Delay Analysis of Graphene Field-Effect Transistors

TL;DR

This paper investigates the carrier transit delay in graphene FETs, extracting intrinsic, extrinsic, and parasitic delays to improve understanding and optimization of RF GFET performance.

Contribution

It introduces a method to decompose delay components in GFETs and estimates carrier velocity directly from experimental data, aiding device optimization.

Findings

Achieved a 18-22 GHz cutoff frequency in GFETs.

Extracted internal and external capacitances from scaling behavior.

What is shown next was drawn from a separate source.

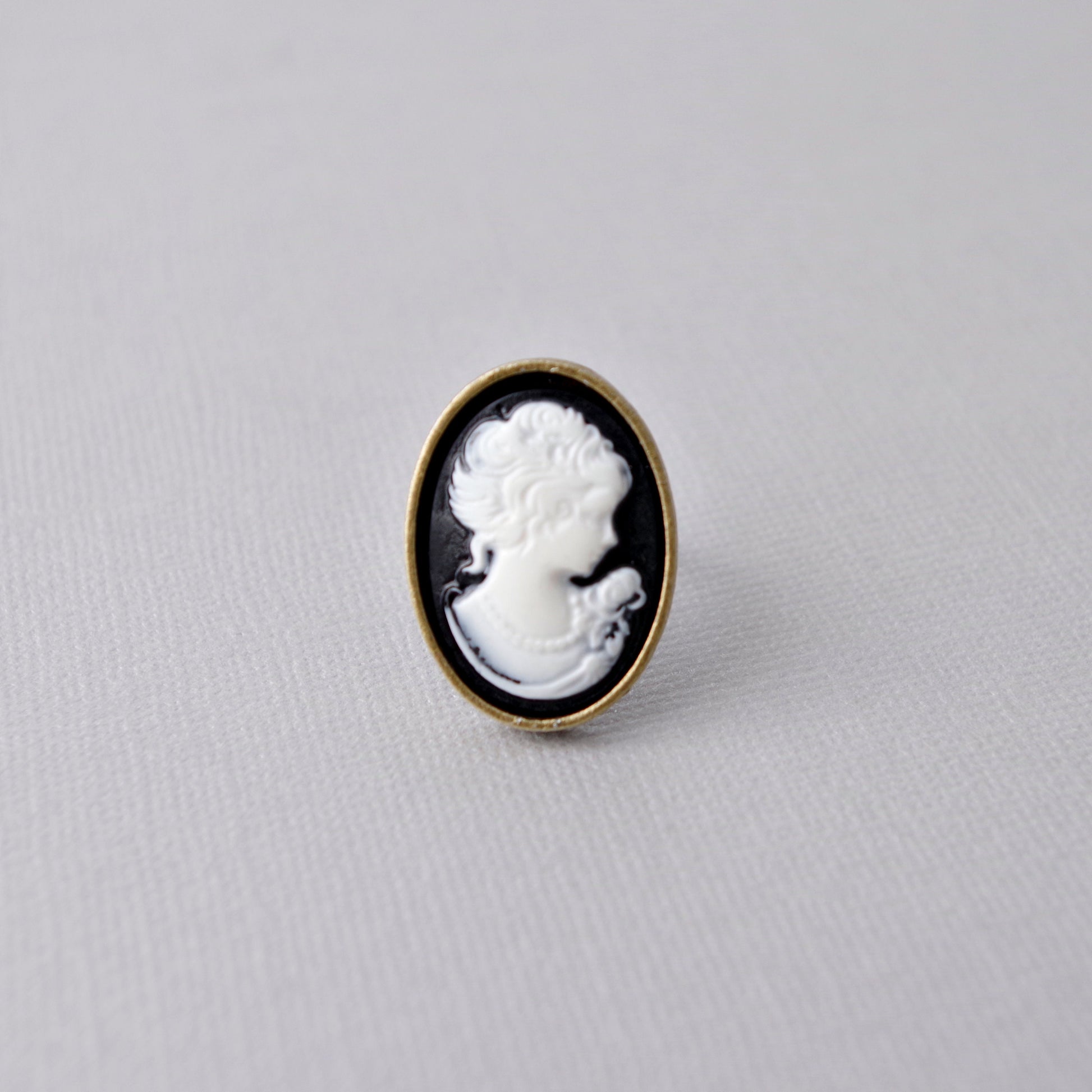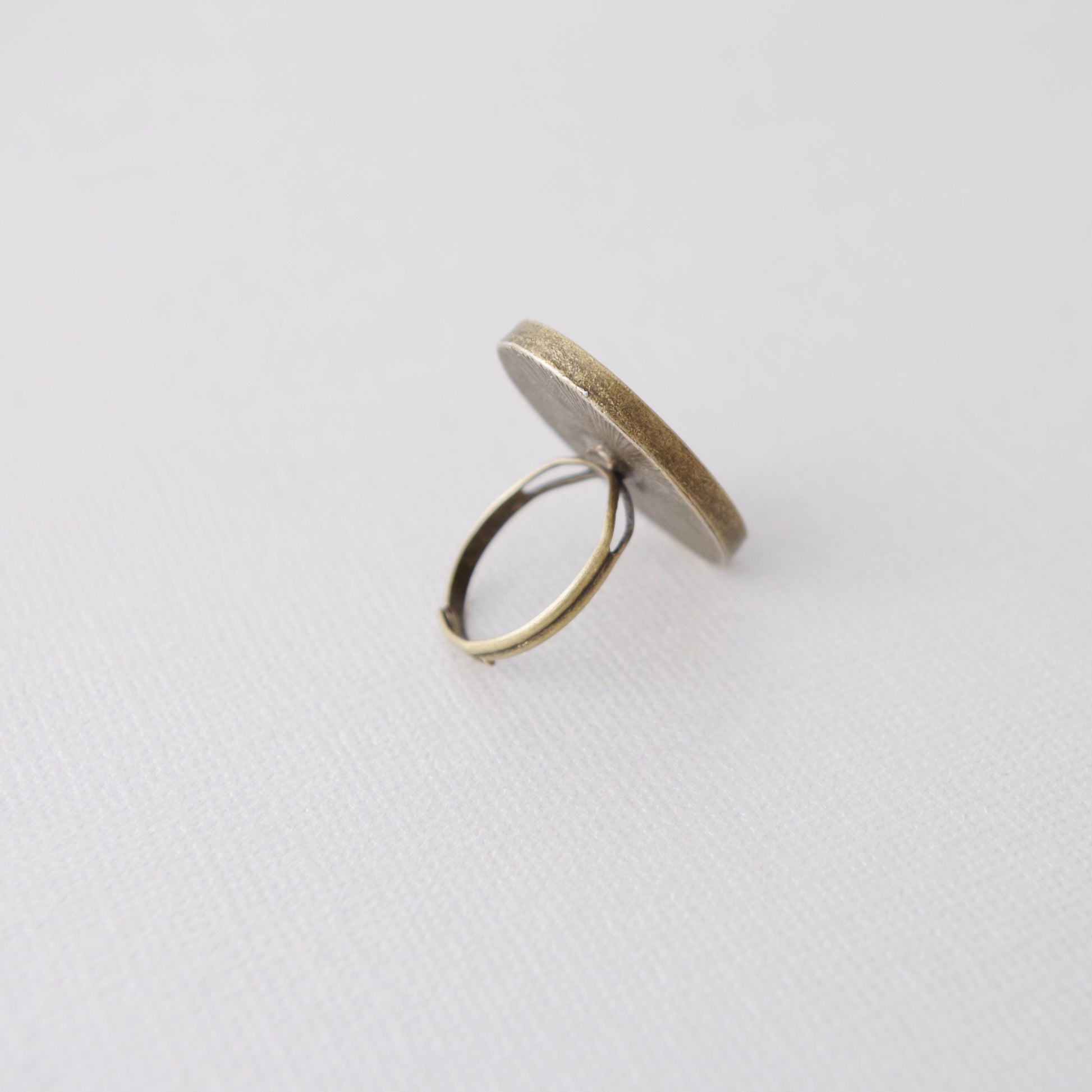 Le camée est en résine vert et blanc de qualité, monté sur un anneau en métal ton bronze.

Provided a new approach to estimate carrier velocity from experimental data.

Abstract

In this letter, we analyze the carrier transit delay in graphene field-effect transistors (GFETs). GFETs are fabricated at the wafer-scale on sapphire substrate. For a device with a gate length of 210 nm, a current gain cut-off frequency fT of 18 GHz and 22 GHz is obtained before and after de-embedding. The extraction of the internal (Cgs,i, Cgd,i) and external capacitances (Cgs,ex and Cgd,ex) from the scaling behavior of the gate capacitances Cgs and Cgd allows the intrinsic ({\tau}_int), extrinsic ({\tau}_ext) and parasitic delays ({\tau}_par) to be obtained. In addition, the extraction of the intrinsic delay provides a new way to directly estimate carrier velocity from the experimental data while the breakdown of the total delay into intrinsic, extrinsic, and parasitic components can offer valuable information for optimizing RF GFETs structures.